▶ _PROBLEM STATEMENT_
In the entries below, find the line with "Змішувач укомплектований шлангом" and the line with "第34分鍾,加納直塞,貝托冷靜挑射破門,埃弗頓1-0切爾西", then retype both and everything between them exactly. Do not copy the pictures.
SOURCE MATERIAL below:
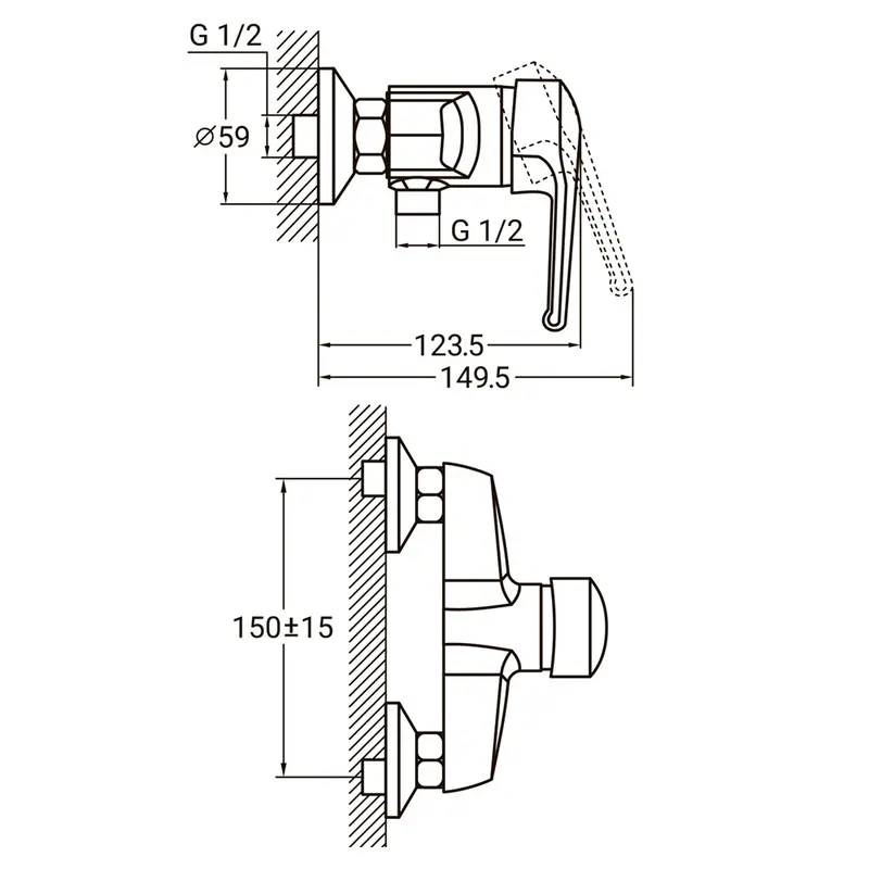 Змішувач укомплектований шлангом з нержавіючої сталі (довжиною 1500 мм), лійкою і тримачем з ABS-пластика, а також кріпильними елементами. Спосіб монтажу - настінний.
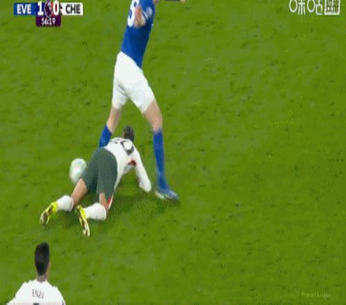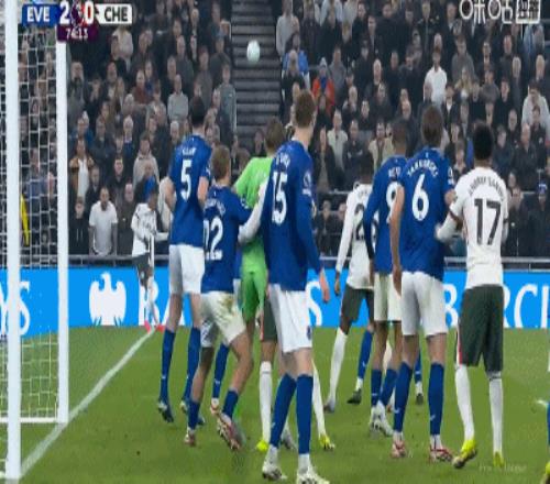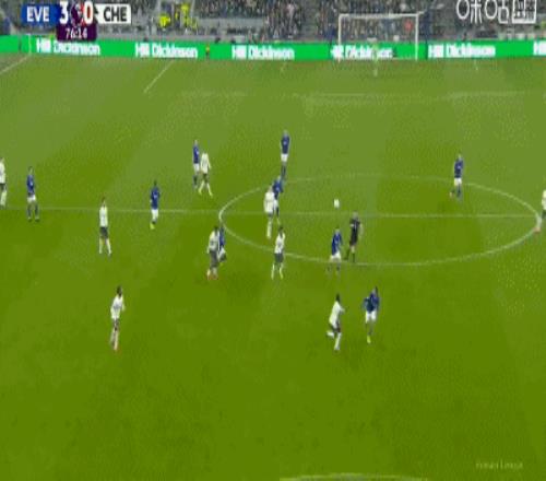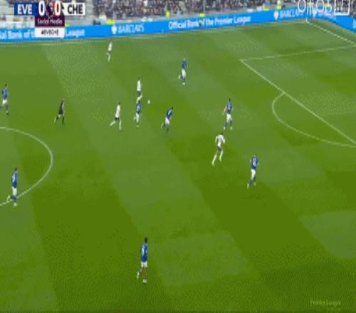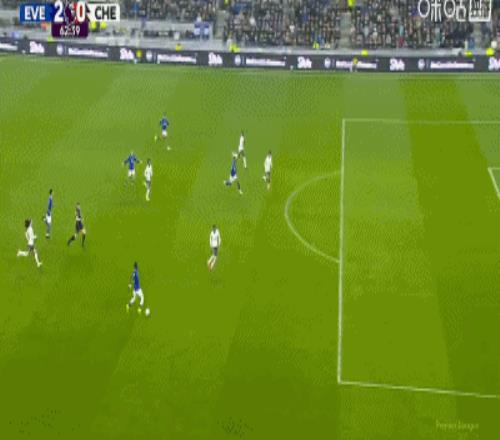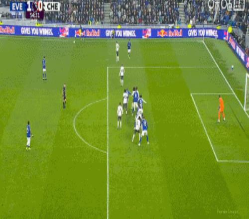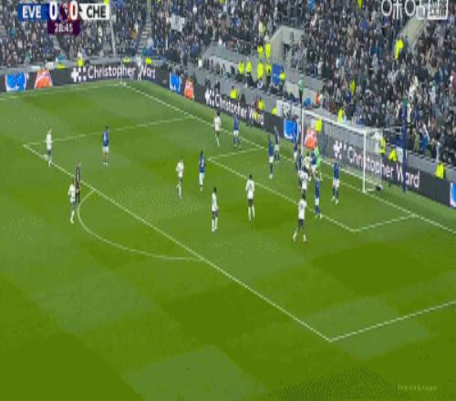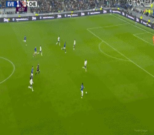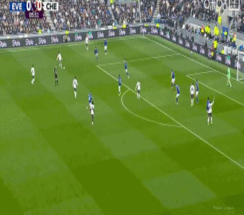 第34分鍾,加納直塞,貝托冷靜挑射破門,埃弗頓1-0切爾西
End of SOURCE MATERIAL.
SOURCE MATERIAL below:
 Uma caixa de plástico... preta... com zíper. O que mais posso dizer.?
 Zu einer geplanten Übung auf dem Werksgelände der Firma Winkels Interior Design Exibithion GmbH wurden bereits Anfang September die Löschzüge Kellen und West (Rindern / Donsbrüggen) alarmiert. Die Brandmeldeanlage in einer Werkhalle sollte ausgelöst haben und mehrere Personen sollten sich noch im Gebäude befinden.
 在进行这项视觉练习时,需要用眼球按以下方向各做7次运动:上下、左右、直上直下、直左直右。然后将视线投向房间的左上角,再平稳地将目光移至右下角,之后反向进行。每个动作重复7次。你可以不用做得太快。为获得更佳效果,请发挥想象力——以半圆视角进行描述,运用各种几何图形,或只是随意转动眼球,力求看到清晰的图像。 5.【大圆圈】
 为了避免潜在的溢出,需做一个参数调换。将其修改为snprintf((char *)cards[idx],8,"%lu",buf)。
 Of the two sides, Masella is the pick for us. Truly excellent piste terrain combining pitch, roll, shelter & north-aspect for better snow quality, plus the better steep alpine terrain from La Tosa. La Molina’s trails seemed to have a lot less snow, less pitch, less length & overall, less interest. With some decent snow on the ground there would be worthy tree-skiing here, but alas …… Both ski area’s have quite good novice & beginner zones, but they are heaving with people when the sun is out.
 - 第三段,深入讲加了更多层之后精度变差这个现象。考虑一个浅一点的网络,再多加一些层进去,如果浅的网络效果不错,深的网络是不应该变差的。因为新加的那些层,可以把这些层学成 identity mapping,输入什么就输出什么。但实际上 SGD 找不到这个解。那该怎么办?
End of SOURCE MATERIAL.
▶ _ANSWER BOX_
 Змішувач укомплектований шлангом з нержавіючої сталі (довжиною 1500 мм), лійкою і тримачем з ABS-пластика, а також кріпильними елементами. Спосіб монтажу - настінний.
 第34分鍾,加納直塞,貝托冷靜挑射破門,埃弗頓1-0切爾西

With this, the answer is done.